In general, files with lots of similar strings of data tend to compression better with gz than lz.
Examples of such datasets include:
- Database files.
- Log files.
Consequences of using GZ Compression:
Since the stronger compression algorithms use more CPU, they can have significant performance consequences:
- Backups with low deduplication run slower since more new data must be compressed and written to disk. In particular, the first full backup will likely achieve 50% of the rated peak throughput.
- Since cleaning uncompresses and recompresses the data while it is running, cleaning may take longer to run and may slow other activity on the system such as backups and replication.

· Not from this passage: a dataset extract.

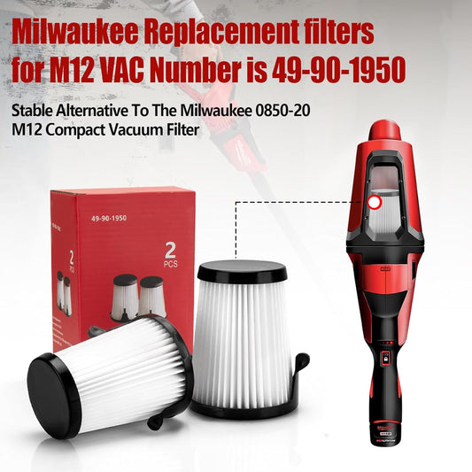 49-90-1950 Vacuum HEPA Filter Replacement for Milwaukee, for fine dust suction, also for Milwaukee M12 0850-20 Cordless Dry Compact Vacuum -(2 PACK)

- The source DDR in a directory replication pair compresses the data using the compression algorithm used by the destination before sending the data. Therefore, if the destination uses the gz compression algorithm, replication may run slower and may cause other activity on the system such as backups and cleaning to run slower.
Therefore converting to GZ compression is a decision that should be taken based on the workload the system is going to experience. Otherwise, a capacity problem will essentially be converted into a performance problem.
In the following section we describe the characteristics of the workload where GZ would be helpful.
Who should use GZ compression?
Applications with high deduplication, low churn, and low backup performance requirements are ideal candidates to use gz. A good example is nearline applications. Most DDRs in the field used for nearline applications already use gz.
How do I change the compression type?
Use the following commands to change the compression type:
# filesys disable
# filesys option set local-compression-type {none | lz | gzfast | gz}
# filesys enable
Once the compression type is changed, all new writes use the new compression type and any data already written will be lazily converted to the new compression type during cleaning. The lazy conversion means that not all containers will be recompressed during the first round of cleaning. It takes several rounds of cleaning to fully recompress all the data existing on the DDRs prior to the change of compression policy.
Cleaning policy determines which containers are selected in a particular round of cleaning and only those containers are recompressed. The cleaning policy is based on the amount of garbage data a given container holds. Garbage data means deleted data which is no longer referenced by the namespace. The more garbage that a container has, the more likely it is to be selected for cleaning.
If the customer wants to pay a one-time hit, they can follow the following procedure:
-
Disable DDFS by using the command:
filesys disable
-
Use the following command to disable the lazy conversion (requires SE Mode):
reg set system.GC_APPLY_LAZY_CONVERSION=false
-
Enable DDFS by using the command:
filesys enable
As a result, the first clean after changing the compression type and disabling the lazy conversion may take a longer time to run. Whenever changing the compression type, you should carefully monitor the system for a week or two to make sure it is behaving well.